Gaines left behind a duffel bag filled with dirty clothing at the fraternity house when he disappeared. Since he had had a history of leaving for days at a time with little or no notice to his friends and family, and often kept to himself, his absence seemed unremarkable at first. No report was made to the police in either Chicago or St. Louis.

His disappearance finally became an issue several months later. In August, Houston and Sidney Redmond went looking for him as they began to argue his case at the Missouri Supreme Court's rehearing. They could not locate him, and Redmond recalled that the Gaines family was neither concerned nor very helpful in trying to do so. The Lincoln University School of Law in St. Louis opened in late September to pickets denouncing it as a segregationist sham. While 30 students who had been admitted since it was created showed up, Gaines was not among them. Since only Gaines had been denied admission to the University of Missouri School of Law, only he had standing to pursue the case before the Supreme Court of Missouri, and the case could not proceed without him.

Near the end of the year the NAACP began a frantic effort to find him. There were rumors that he had been killed or committed suicide, along with rumors that he had been paid off to disappear and was either living in Mexico City or teaching school in New York.
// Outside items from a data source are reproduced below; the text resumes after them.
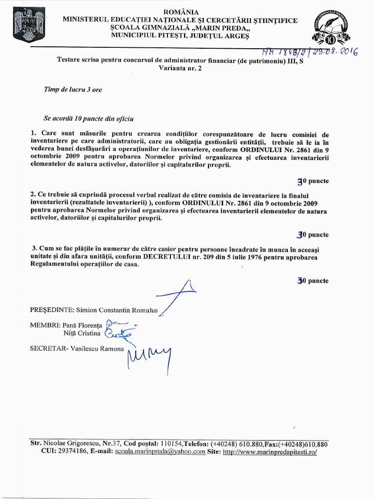 Aceasta se desfășoară pe baza unor teste grilă. Request pdf on researchgate on jan 1 2007 maria andrada georgescu and others published administrarea finantelor publice si a. Subiectul şi baremul concursului pentru ocuparea postului de administrator de patrimoniu. Subiect în situaţia angajării răspunderii disciplinare pentru una dintre sancţiunile disciplinare la alegere precizaţi termenul maxim în care poate fi aplicată cine şi în ce condiţii o poate aplica şi în ce termen şi cum intervine radierea conform legii nr.
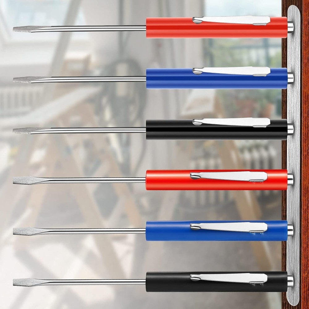 12 Pack Pocket screwdriver set: the package includes 12 pieces of mini pocket screw drivers in 3 different colors, 4 each for red, blue, and black, pocket screwdrivers, the quantity is sufficient to meet the needs of your family, and you can also share with others Magnetic design: there is a single blade head and a magnet at the top of pocket screwdriver, which is practical, cute and easy to use, improving your work efficiency and saving your time Broad utilization: magnetic tip slotted pocket screwdriver kit can be widely applied for mechanicals, electricians, electronics technicians, assemblers, etc., and also suitable for repairing glasses, children's toys, jewelry, games, keyboard and others Material: the pocket screw driver consists of plastic shell handle and steel tip body, reliable, sturdy, stable, no glitches, not easy to break or damage, can serve you for a long time and give pleasant using experience Mini and portable: the total length of each magnetic pocket screw driver is about 5.3 inch, and the cutter head specification is 0.1 inch, the head specification of the pocket screwdriver with magnet measures about SL 3.2 mm, small size and light weight makes it easy to carry around and store, you can put it in your pockets, boxes, bags and more 2 Pack 【Design】These pocket screwdrivers are flat heads with magnet tops,they can meet almost daily use. 【Multiple Carrying Options】The mini screwdrivers have pocket clips,they are pretty strong and can fit well in your shirt pocket.We also provide you with a screwdriver bag,if you don’t want to stick the screwdriver in your pocket, or work around a lot of steel, worry that the magnet will pull the screwdriver out of your pocket, you can carry it in the screwdriver bag. 【Function】The magnetic tips are strong enough to pick up most little things where fingers can’t go,you can use it for small repairs and replacements, including glasses, toys, jewelry, keyboard and more items that consist of small screws.Besides, you can also use it as a tool to pry small decorations inside the car. 【High Quality】It is mainly made of steel with plastic handle, sturdy and reliable to use. 【After-sale Service】If you have any questions, please feel free to contact us,We offer timely customer support to all buyers. THANK YOU
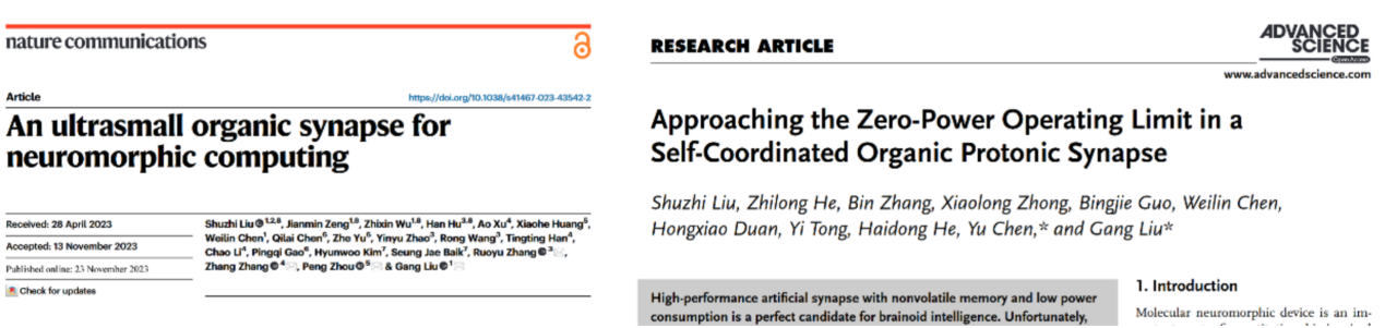 2. Shuzhi Liu, Jianmin Zeng, Zhixin Wu, Han Hu, Ao Xu, Xiaohe Huang, Weilin Chen, Qilai Chen, Zhe Yu, Yinyu Zhao, Rong Wang, Tingting Han, Chao Li, Pingqi Gao, Hyunwoo Kim, Seung Jae Baik, Ruoyu Zhang*, Zhang Zhang*, Peng Zhou* and Gang Liu*. An ultrasmall organic synapse for neuromorphic computing.
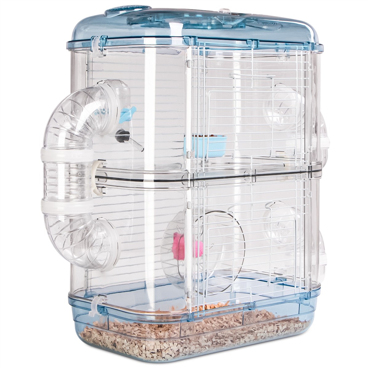 Dwupoziomowa klatka dla chomika lub myszy. To nie tylko pełen zestaw różnych niezbędnych elementów dla małych gryzoni, ale przemyślana konstrukcja dająca wiele frajdy, zarówno dla małych opiekunów futrzastego przyjaciela, jak i dla samego mieszkańca ów klatki. Klatka łączy w sobie plastikowy, przeźroczysty korpus z tradycyjną klatką żebrową.
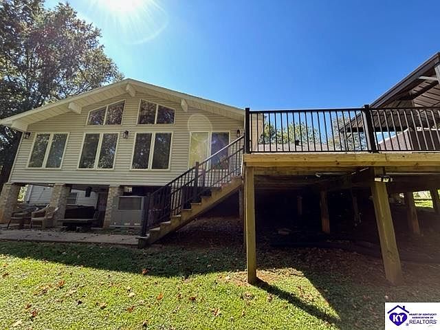 House on 3.03 acres. Fenced back yard. 3 bedrooms, 2.5 bathrooms. Large great room with cathedral ceilings. Newly remodeled kitchen. All stainless-steel appliances. Double ovens. Fireplace with sitting room. Newly remodeled master bath and hall bath. Basement has two bedrooms, full bath and Livingroom. Utility room. There is an outside patio area. New deck is two years old with a gazebo. There's a 30 x 40 shop and a 12 x 36 lofted storage building. Property is 10 minutes away from two different boat landings.
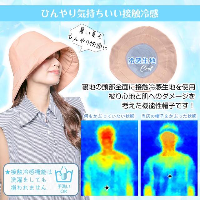 涼感ハットUV帽子 レディース 春 夏 秋 UVカット 遮光100% ひんやり サファリハット つば広 UV ハット 日よけ 折りたたみ 女優帽 飛ばない
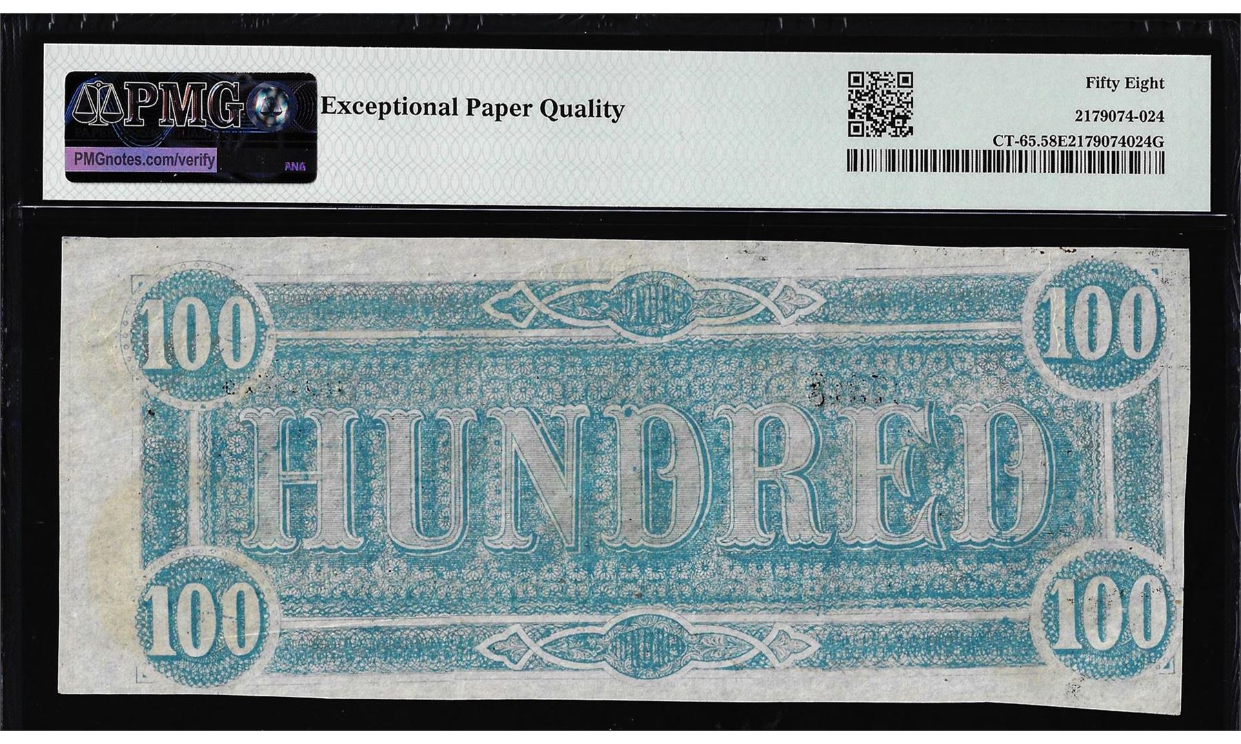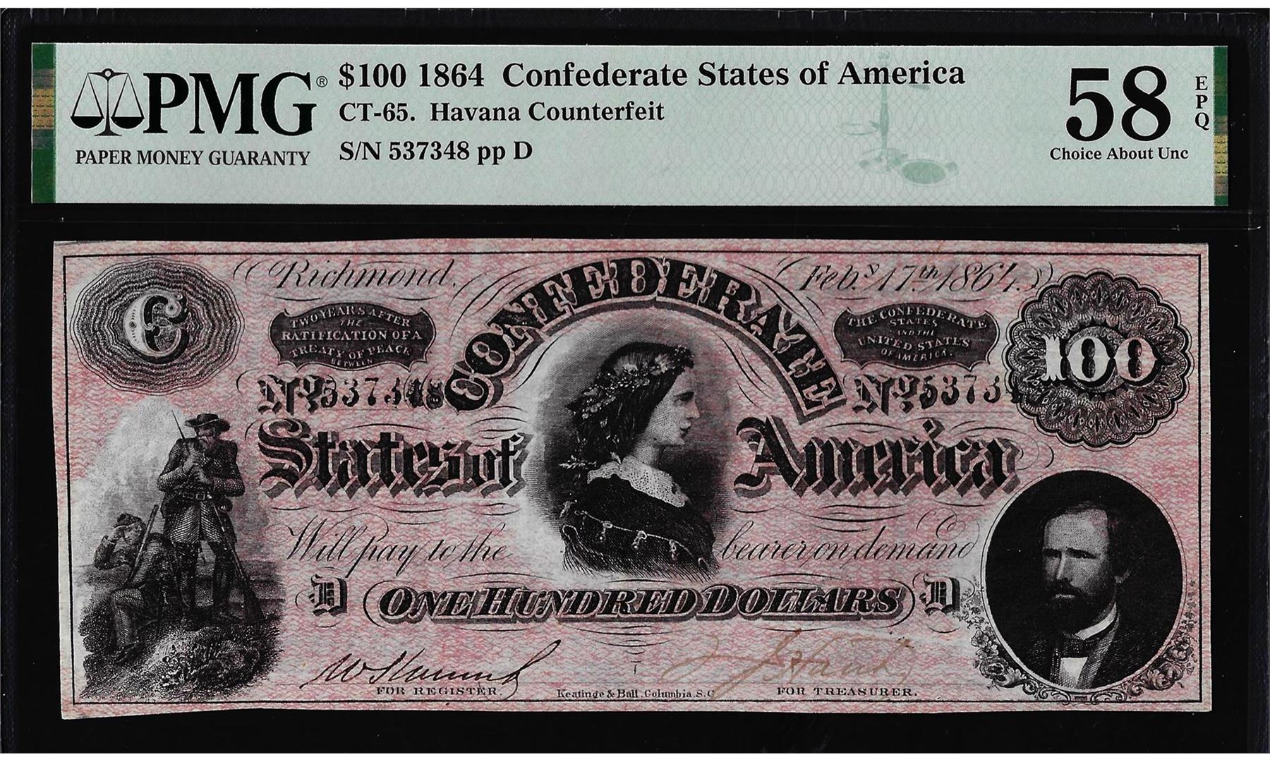 1864 $100 Confederate States of America Havana Counterfeit Note CT-65 PMG 58EPQ
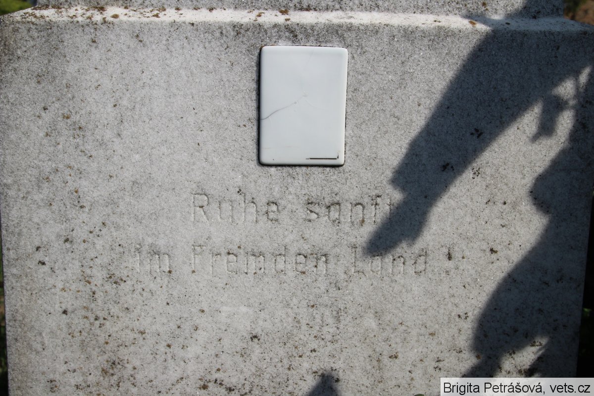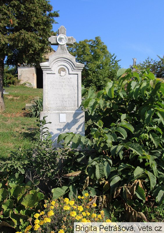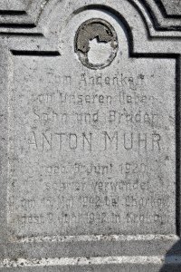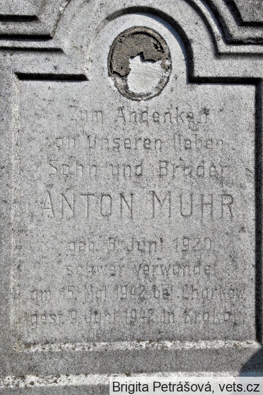Na památku našeho drahého syna a bratra Antona Muhra, nar. 5. června 1920, který byl těžce zraněn 15. května 1942 u Charkova a zemřel 9. června 1942 v Krakově.
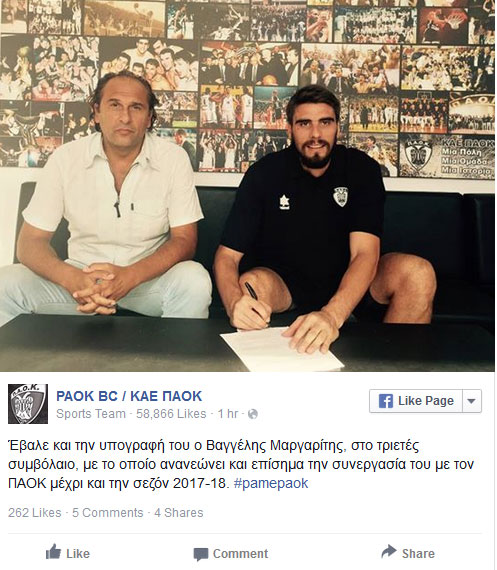Την υπογραφή του στο νέο του συμβολαιο με τον ΠΑΟΚ μέχρι το 2018 έβαλε τη Δευτέρα ο Βαγγέλης Μαργαρίτης.
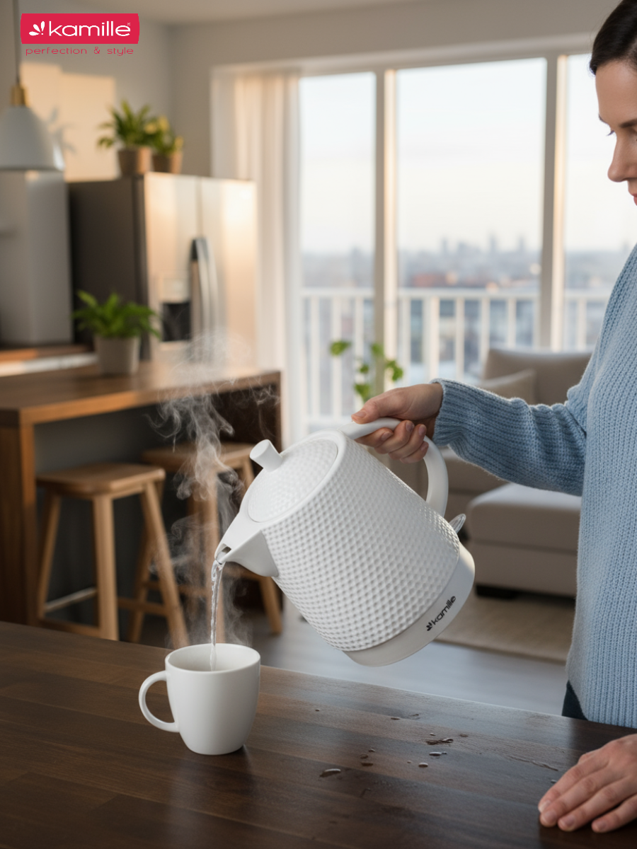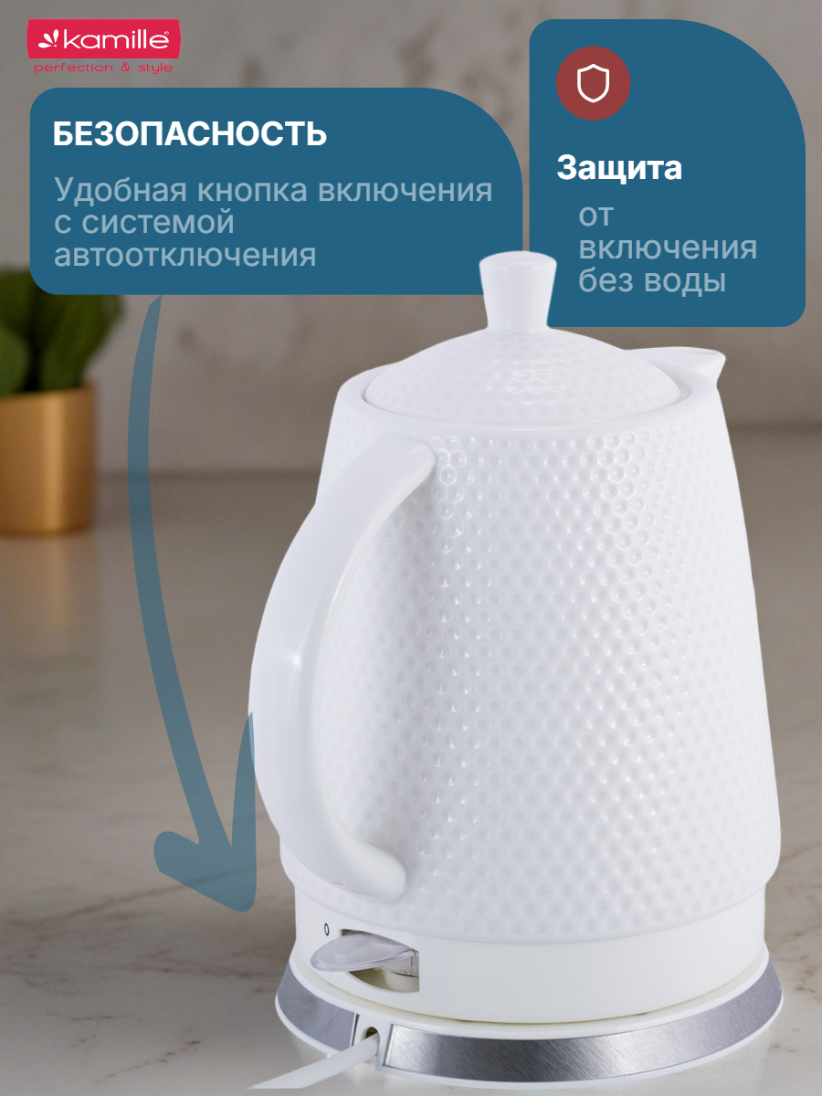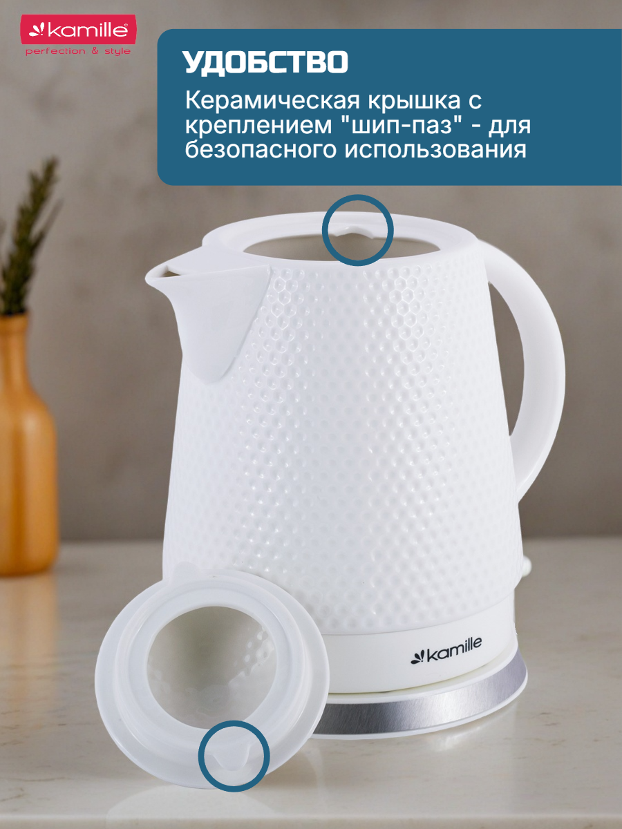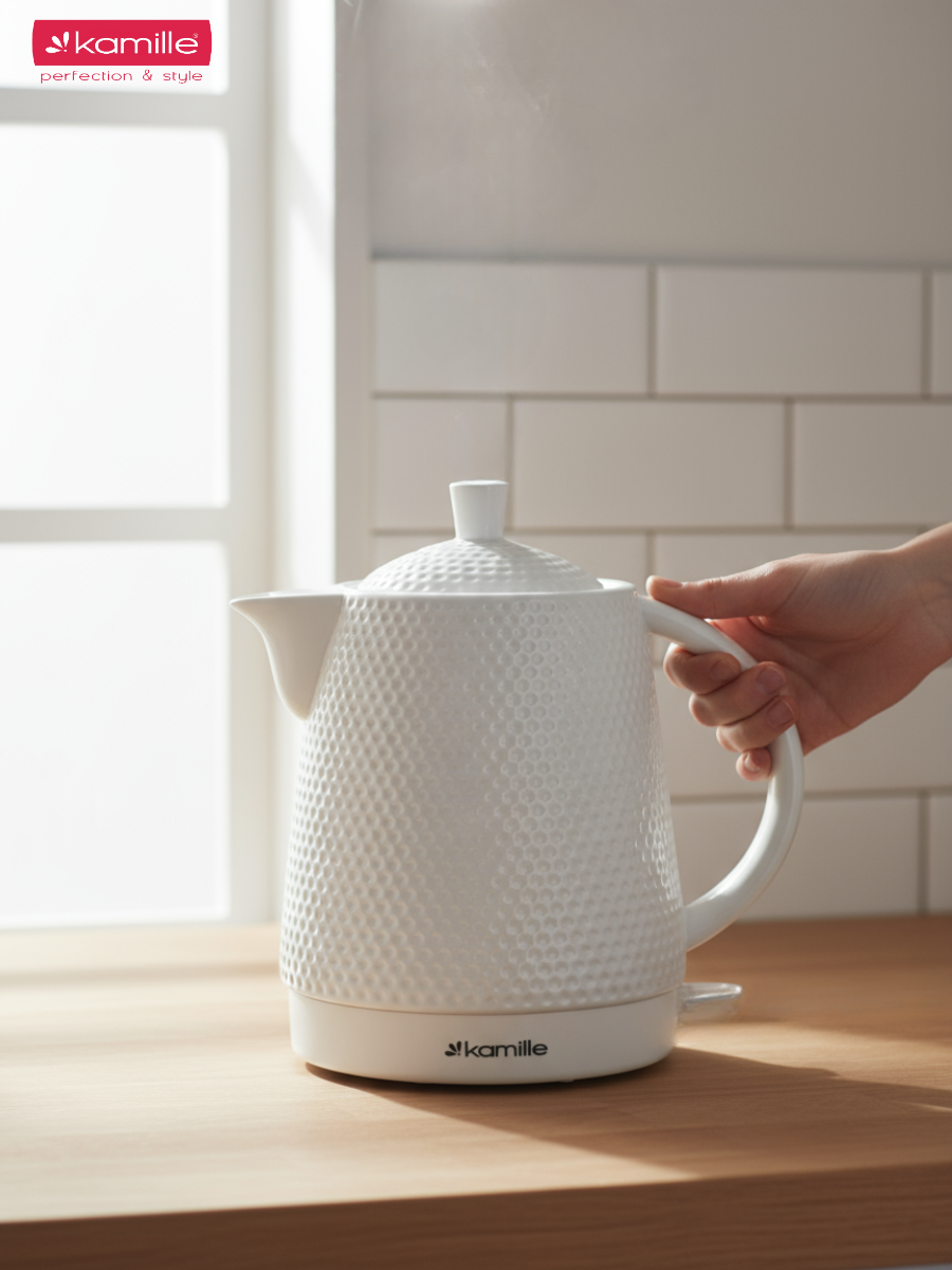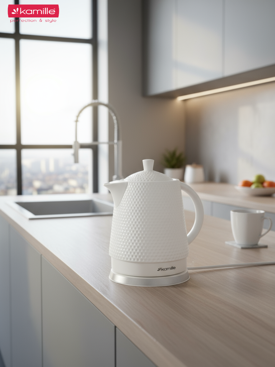 Электрические чайники Kamille изготовлены из высококачественных материалов с использованием новейших технологий производства, благодаря чему они подходят для интенсивного ежедневного использования, а их привлекательный внешний вид непременно подойдет к дизайну Вашей кухни.
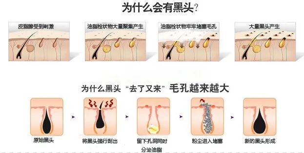 2、堵塞的毛孔和外界相通,氧化及灰尘堆积形成黑头,最终会造成毛孔进一步粗大。
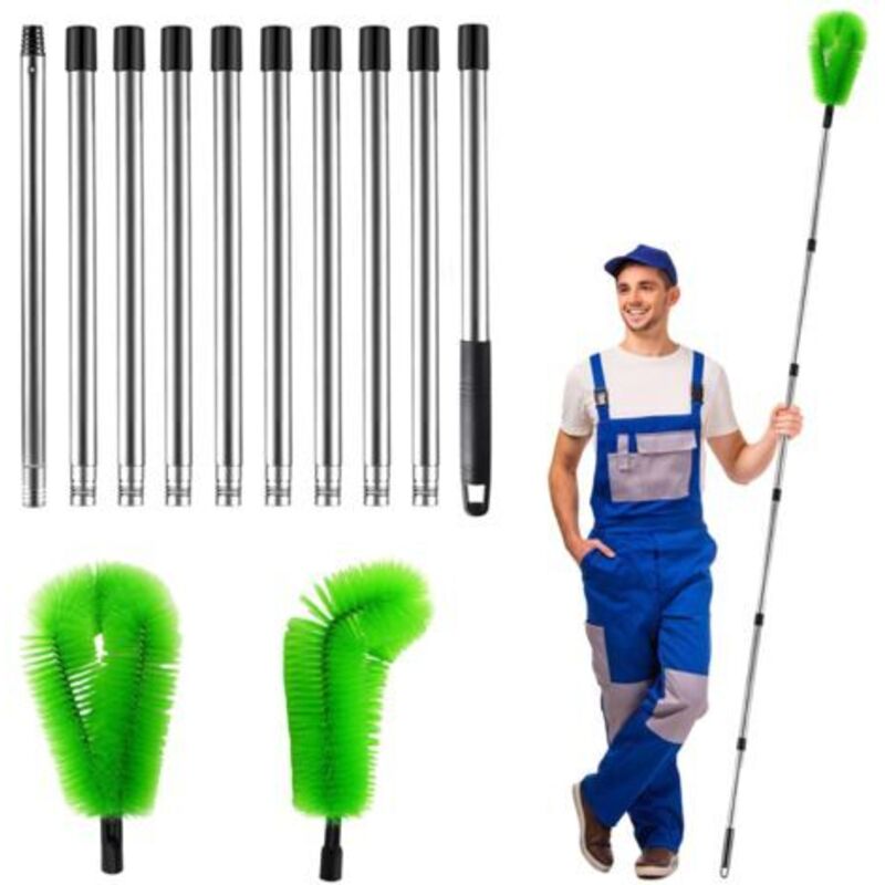 Qivine 400cm Outil de Nettoyage de Gouttière de Manches, Nettoyeur de Gouttière avec 13 Poteaux Extensibles, Angle Réglable, Brosse de Nettoyage pour Nettoyer Les Feuilles, la Neige, la Saleté
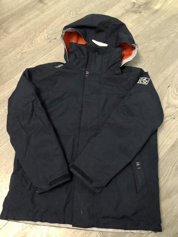 Курточка на хлопчинка.Ріст 140.Стан ідеальний.На дощі не промокає і від вітру захищаю.На курточці є світло відбиваючі елементи(дитину буде видно в темну пору часу)Капішон можна заховани.Довжина по спинці 56см,по ширині 50см,довжина рукава 51см.Стан ідеальний,купляли закордоном.

The story received widespread media attention, and his picture was published in newspapers across the country with a plea for anyone with information to contact the NAACP. No credible leads were received. In his 1948 memoirs, NAACP president Walter White said, "He has been variously reported in Mexico, apparently supplied with ample funds, and in other parts of North America."

Gary Lavergne notes that Houston, Marshall and Redmond never publicly called for an investigation of the disappearance or stated that they believed Gaines had met with foul play. Since extrajudicial abductions and murders of African Americans who challenged segregation were not unheard of at the time, and the three lawyers frequently spoke out and demanded investigations when they believed they had occurred, he thinks that they had no such evidence and believed that the erratic Gaines, whom they knew to have grown resentful of the NAACP and his role in the lawsuit, had purposely dropped out of sight. Fifty years later, near the end of his own career as a Supreme Court justice, Marshall recalled the case in terms that suggest this assessment: "The sonofabitch just never contacted us again."

In January, the state of Missouri moved to dismiss the case due to the absence of the plaintiff. Houston and Redmond did not oppose the motion, and it was granted.